* **Material supplied**:
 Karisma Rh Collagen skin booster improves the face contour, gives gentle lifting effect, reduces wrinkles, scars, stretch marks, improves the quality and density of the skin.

...

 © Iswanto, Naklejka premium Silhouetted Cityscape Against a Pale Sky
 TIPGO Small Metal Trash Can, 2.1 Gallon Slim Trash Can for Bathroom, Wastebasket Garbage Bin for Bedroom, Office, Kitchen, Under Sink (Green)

* **Problem requirements**: Only the lines above from the line with "Against a Pale Sky" to the line with "TIPGO Small Metal", those two lines included, should be reproduced exactly.

* **Solution below**:
 © Iswanto, Naklejka premium Silhouetted Cityscape Against a Pale Sky
 TIPGO Small Metal Trash Can, 2.1 Gallon Slim Trash Can for Bathroom, Wastebasket Garbage Bin for Bedroom, Office, Kitchen, Under Sink (Green)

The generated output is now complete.